Friday, December 26, 2014

The Necessity of Art Work

Why should anyone read my poetry, when there is so much excellent poetry out there already? Why should anyone buy my painting, when there are so many brilliant paintings in the world already? Why should anyone listen to my music, etc. etc.
That's the wrong way to look at it.
True, some people are professional artists, and they continue to produce art because that's their profession, and, in some cases, they even make a living that way.
But most people, if they are artists at all, are aspiring, apprentice, or amateur, and, if they are professional, don't make their living from their art.
The only reason to produce art, to be engaged in art work, is because it's of vital importance to us, whether or not anyone else likes it, or whether or not we like it ourselves.
Recently I decided to publish a novel that I began writing in the 1980s: "Site Report," an Israeli novel: http://www.amazon.com/Site-Report-Jeffrey-M-Green/dp/1502300621.
The manuscript I produced back then was huge and ungainly, and I saw I had no chance of getting it published, so I shelved it. Then a few years later, I reread it and cut about 1/3 of it, but I still didn't have the heart to send it out to agents and face disappointment after Today I am lessdisappointment. A few years after that, I put the whole thing onto my hard disk (I began writing it before I had a computer, and then, when I had a computer, it was an Osborne, one of the first home computers marketed, which ran on CP/M, so I couldn't copy the diskettes over to a PC).
Years went by, and I kept fiddling with the MS, cutting it, revising it, and then forgetting about it. When I heard of the possibility of publishing it for free and having it available on Amazon, I decided to reread it and see whether it was worth publishing.
By that time, I barely remembered writing it, and I was very surprised at how decent it was, so I did publish it. But I didn't have the sense of necessity about it, the drive that had enabled me to write it in the first place.
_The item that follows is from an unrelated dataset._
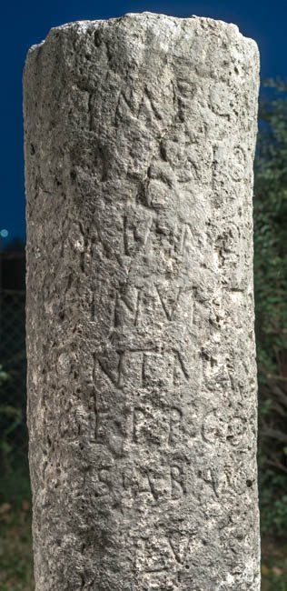 - Imp(eratori) Caes(ari) / G(aio!) Messio Quinto / Traiano Decio / P(io) F(elici) Invicto Aug(usto) / pont(ifici) max(imo) trib(unicia) / pot(estate) p(atri) p(atriae) co(n)s(uli) pro/co(n)s(uli) ab Aq(uinco) m(ilia) p(assuum) / LV

I let too much time go by. And I have changed too much.
The novel is, as I see it now, about a person (an American Jewish woman) whose life is more or less stalled. She is divorced and can't meet any man worth marrying. She has a good job, but not exactly one she is committed to. So she decides to take a Sabbatical year in Israel and study biblical archaeology. In Israel she meets all kinds of people who are committed to their paths in life (though all the paths are different), and most of these people try to recruit her: stay in Israel and be what I am.
When I wrote it, but to a lesser degree now, I saw living in Israel as a kind of mission that transcended personal ambition and self-interest. It's hard for me to see life in Israel that way today. The novel conveys what attracted me to Israel thirty years ago. I could never write a novel in a similar spirit today.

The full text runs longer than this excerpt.